Tuesday, October 7, 2008

Whew!

I am still at work. A place that I have spent an overwhelming majority of the last 160 hours. I don't think I worked this hard as an intern. I know I wasn't responsible for such sick patients. It didn't help that I was the only Thoracic resident in town this weekend and four of our patients got sick enough to need an ICU, reoperation or both. Thought things would slow down today, but so far I am wrong. We still have one more case to go.

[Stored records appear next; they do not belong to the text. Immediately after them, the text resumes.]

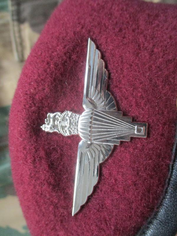 THIS IS THE GENUINE issue LEATER BAND MAROON PARACHUTE REGIMENT AIRBORNE MAROON BERET AND CAP BADGE .... THE WORLD FAMOUS MAROON BERET SYMBOL OF AIRBORNE FORCES
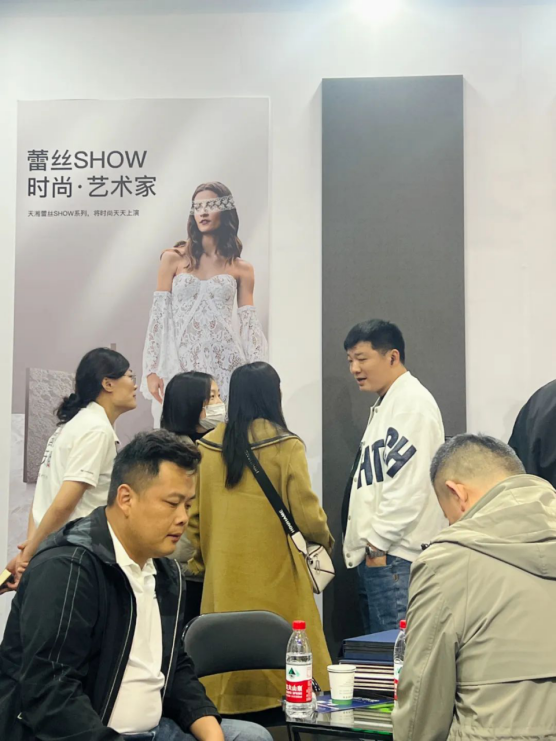 在此次的展会暨招商会上,天湘板业带来开创性精品新品华北大秀,趋势系列和高定系列品质与颜值并存,全程都是焦点,让参会嘉宾体验高定板材饰面之美的同时,享受时尚秀场视觉盛宴,聚集了极为火爆的人气。
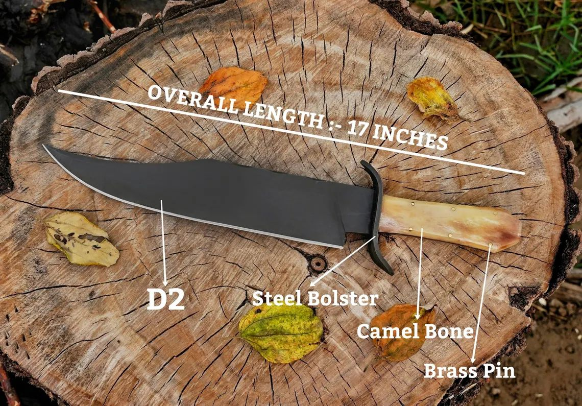 Juan Padillo Bowie Knife Replica – Custom Handmade D2 Steel Blade – Aged Finish with Stabilized Bone Handle, Valentine Day Gift for Him.
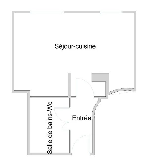 L’appartement se compose d’une entrée, d’une pièce principale avec deux fenêtres offrant un espace de vie agréable, d’une cuisine ouverte sur le séjour, ainsi que d’un coin nuit avec penderie intégrée. Une salle de bains avec WC complète le bien.
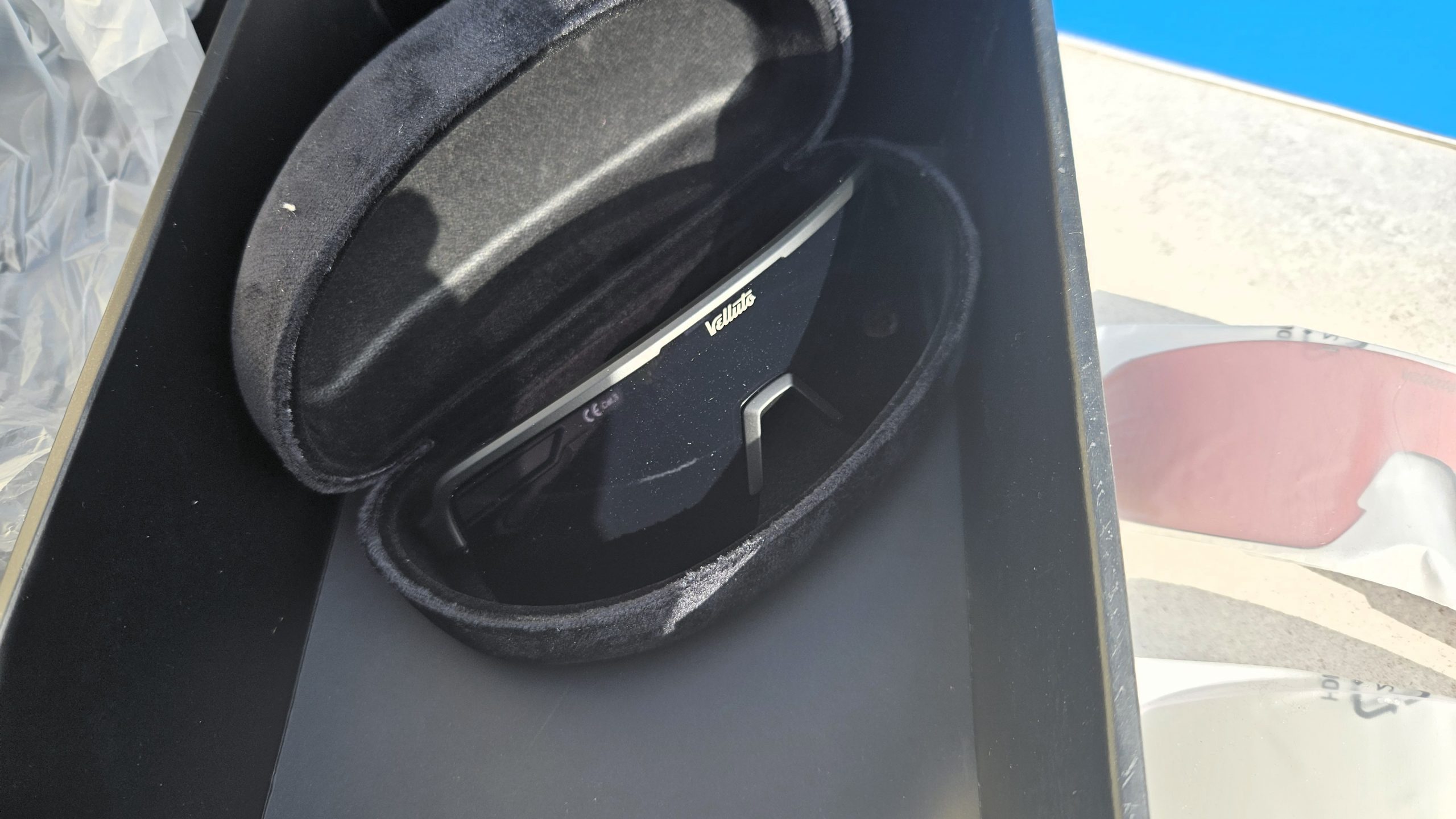 Ich hab mir das Dolce Vita Bundle geholt, inklusive Wechselglas, Etui, Tuch und Pflegespray. Im Vergleich zu etablierten Herstellern wie Oakley, Rudy oder Kaask fehlt Velluto bislang die Publicity in den großen Heftchen wie Tour und Rennrad. Das Dolce Vita Bundle muss daher vor allem das eigene Produktversprechen auf der echten Straße einlösen

It does not help that I am also getting sick. I woke up this morning with a sore throat and a fever. Not the end of the world - right?. Well, I was rubbing my neck this am before my first case and found a lymph node. Everyone in the world - medical or not - would say : sore throat, swollen gland - most likely connected. Not me. I have decided that I must have lymphoma. (Yes, Bassam and Jill, not exactly what we learned in medical school, but I think I may need a biopsy.) Oh well, I will continue to obsessively rub my neck to monitor it's size.

I am quite jealous of those of you back in Nashville. You have a Debate buzz going on tonight. Hoping I get home in time to watch it. I completely slept thru the Vice Presidential debate. I had been up the entire night before playing like a doctor on ER and didn't get home in time for an adequate nap. It doesn't sound like I missed much more than a few winks. The SNL - Tina Fey debate was HILARIOUS.

Wednesday, October 1, 2008

Rain Rain Go Away

So everything comes at a price. The cost for my gorgeous weekend a couple weeks ago - rain. It started raining here last Friday and continued to rain until Monday morning. Now I have really enjoyed the convenience of living in a pedestrian city, but it is A LOT less fun in the pouring down rain. Rumor has that it briefly stopped raining during the day on Monday, but I worked all day so I missed it. Rain started back Monday night and most of the day Tuesday. I had Tuesday off (2 of my 3 staff were observing the Holiday so we had no cases). I had the great joy of running errands in the rain. Another rumor circulated today that the sun actually came out and it was gorgeous. I am on call and haven't left the hospital. Tomorrow - my post call day - it is supposed to start raining again. Oh well - that's life.

Because it just randomly crossed my mind - I need a favor. I am sad to report that I no longer am a frequent visitor to Macy's. My move to Philly has turned me into a Fiscal conservative (personally - not politically and hopefully only for 9 more months). Therefore, I try to avoid temptation. However, I need new moisturizer. I refuse to pay $60 dollars for my Estee Lauder moisturizer unless I get a free gift out of it. {Yes dad - I know that is a ridiculous amount to pay for lotion, but think of the money I am saving by putting off my first face lift.} So, I need someone who still gets to walk thru Macy's and look at the pretty things to tell me when Estee Lauder is having their gift time. Thanks.